- Required work -
Directions for the data below: repeat exactly the lines from the one with "Книга по ремонту" through the one with "妈妈让儿子拽着衣服去摘荷花,结果脚下一滑,双双落…", both included, and omit all pictures.

Start of Records shown

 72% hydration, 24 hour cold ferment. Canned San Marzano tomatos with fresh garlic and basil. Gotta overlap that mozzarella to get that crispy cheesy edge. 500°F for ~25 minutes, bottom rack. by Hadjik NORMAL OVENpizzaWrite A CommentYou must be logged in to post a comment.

End of Records shown
Start of Records shown

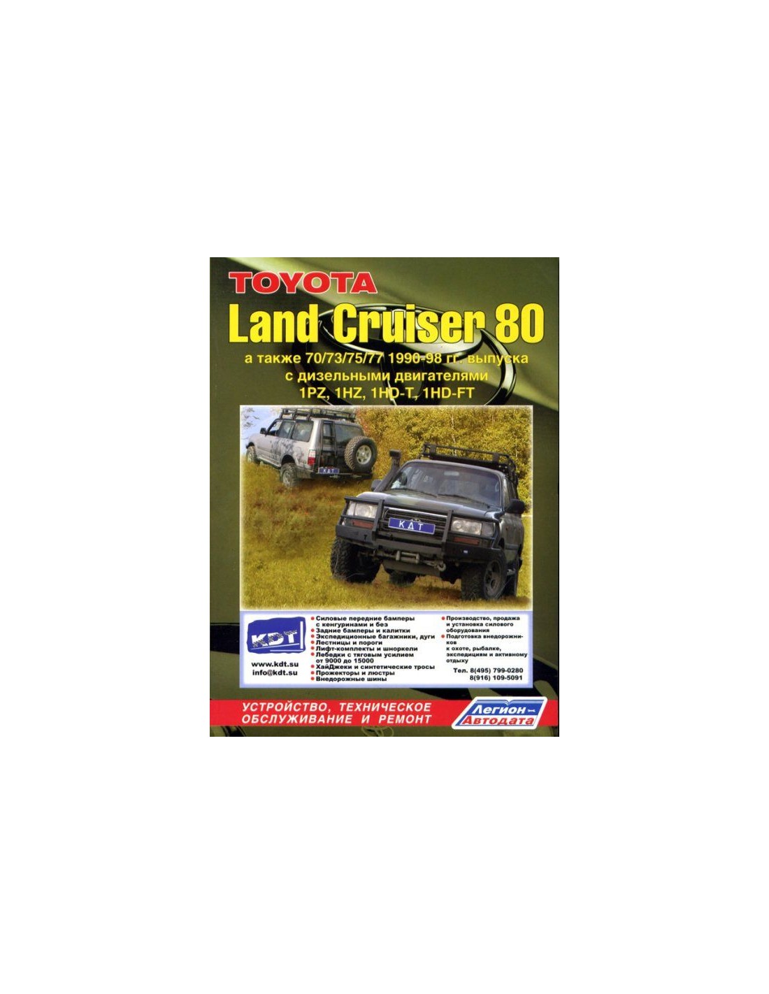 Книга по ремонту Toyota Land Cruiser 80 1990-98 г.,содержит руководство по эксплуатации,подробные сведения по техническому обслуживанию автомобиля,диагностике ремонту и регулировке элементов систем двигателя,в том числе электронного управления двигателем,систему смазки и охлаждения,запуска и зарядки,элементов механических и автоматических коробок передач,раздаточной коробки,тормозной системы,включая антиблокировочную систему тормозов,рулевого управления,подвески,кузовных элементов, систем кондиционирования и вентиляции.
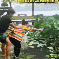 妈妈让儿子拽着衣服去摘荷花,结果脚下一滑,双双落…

End of Records shown

- The answer -
 Книга по ремонту Toyota Land Cruiser 80 1990-98 г.,содержит руководство по эксплуатации,подробные сведения по техническому обслуживанию автомобиля,диагностике ремонту и регулировке элементов систем двигателя,в том числе электронного управления двигателем,систему смазки и охлаждения,запуска и зарядки,элементов механических и автоматических коробок передач,раздаточной коробки,тормозной системы,включая антиблокировочную систему тормозов,рулевого управления,подвески,кузовных элементов, систем кондиционирования и вентиляции.
 妈妈让儿子拽着衣服去摘荷花,结果脚下一滑,双双落…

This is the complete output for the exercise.